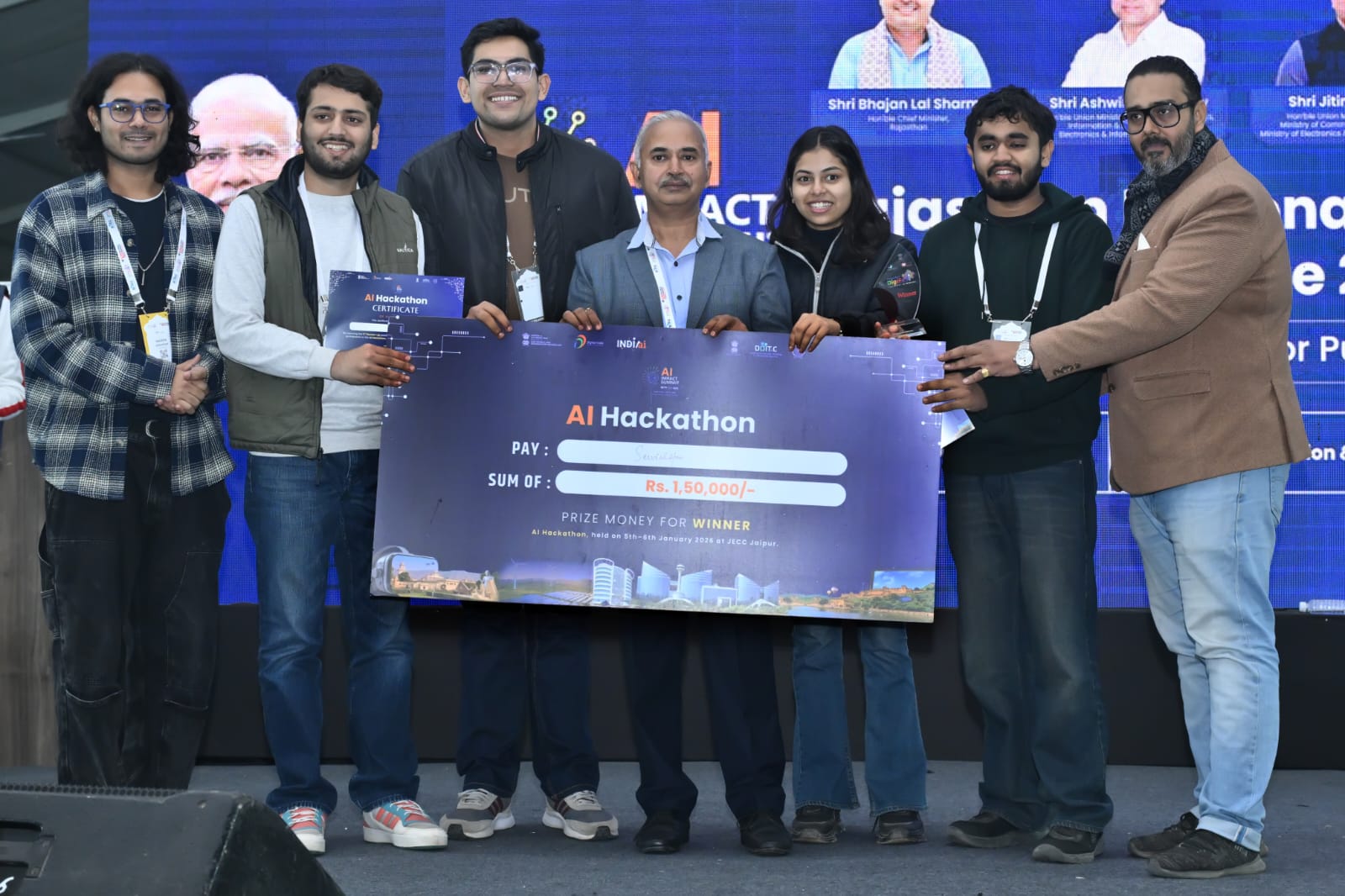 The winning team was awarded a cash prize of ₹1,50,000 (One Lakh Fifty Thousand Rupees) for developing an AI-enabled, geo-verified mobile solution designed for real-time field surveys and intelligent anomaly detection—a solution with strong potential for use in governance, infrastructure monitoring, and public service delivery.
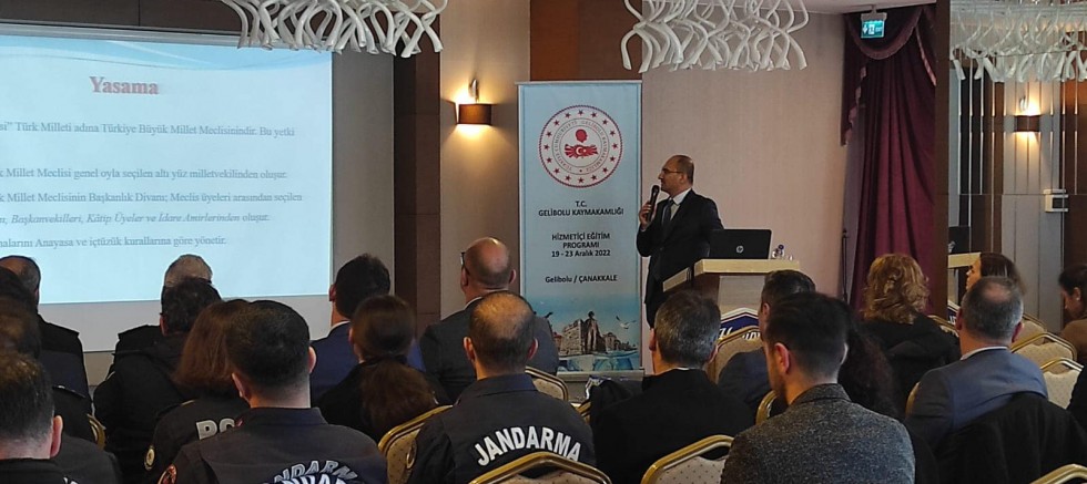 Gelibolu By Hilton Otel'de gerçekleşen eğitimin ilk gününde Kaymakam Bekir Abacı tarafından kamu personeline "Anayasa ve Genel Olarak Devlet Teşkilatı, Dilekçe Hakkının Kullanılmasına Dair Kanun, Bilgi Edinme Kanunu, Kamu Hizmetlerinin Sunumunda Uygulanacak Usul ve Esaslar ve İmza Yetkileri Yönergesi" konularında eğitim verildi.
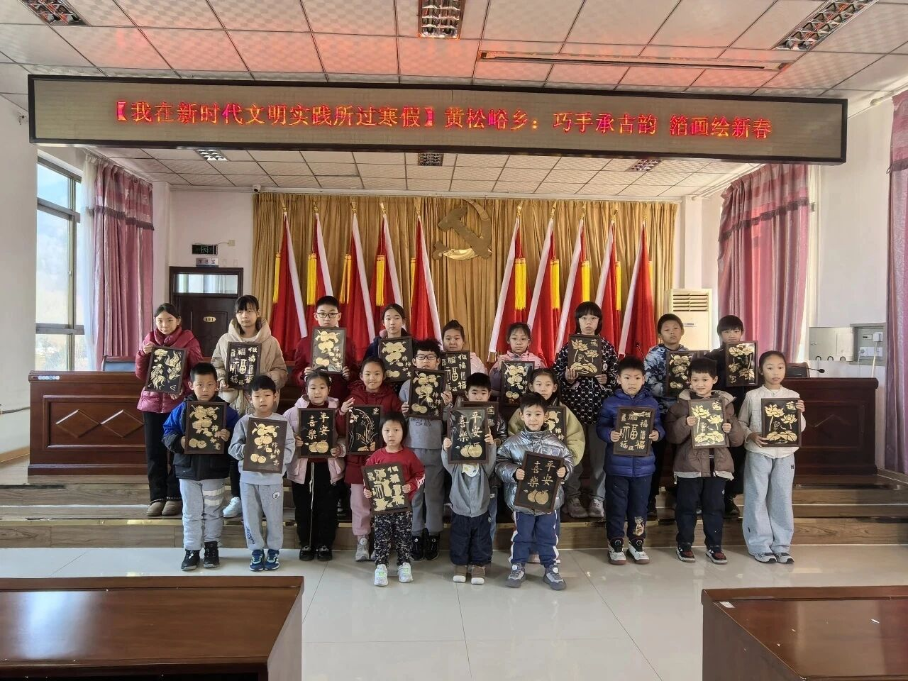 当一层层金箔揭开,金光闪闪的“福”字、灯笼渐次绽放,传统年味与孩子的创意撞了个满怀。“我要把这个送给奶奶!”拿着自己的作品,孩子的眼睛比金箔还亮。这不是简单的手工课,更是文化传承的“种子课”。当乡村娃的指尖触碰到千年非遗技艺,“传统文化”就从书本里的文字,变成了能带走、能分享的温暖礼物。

* * *

• [The problem]:
The task calls for repeating each line above exactly while excluding the pictures.

• [Answer space]:
 The winning team was awarded a cash prize of ₹1,50,000 (One Lakh Fifty Thousand Rupees) for developing an AI-enabled, geo-verified mobile solution designed for real-time field surveys and intelligent anomaly detection—a solution with strong potential for use in governance, infrastructure monitoring, and public service delivery.
 Gelibolu By Hilton Otel'de gerçekleşen eğitimin ilk gününde Kaymakam Bekir Abacı tarafından kamu personeline "Anayasa ve Genel Olarak Devlet Teşkilatı, Dilekçe Hakkının Kullanılmasına Dair Kanun, Bilgi Edinme Kanunu, Kamu Hizmetlerinin Sunumunda Uygulanacak Usul ve Esaslar ve İmza Yetkileri Yönergesi" konularında eğitim verildi.
 当一层层金箔揭开,金光闪闪的“福”字、灯笼渐次绽放,传统年味与孩子的创意撞了个满怀。“我要把这个送给奶奶!”拿着自己的作品,孩子的眼睛比金箔还亮。这不是简单的手工课,更是文化传承的“种子课”。当乡村娃的指尖触碰到千年非遗技艺,“传统文化”就从书本里的文字,变成了能带走、能分享的温暖礼物。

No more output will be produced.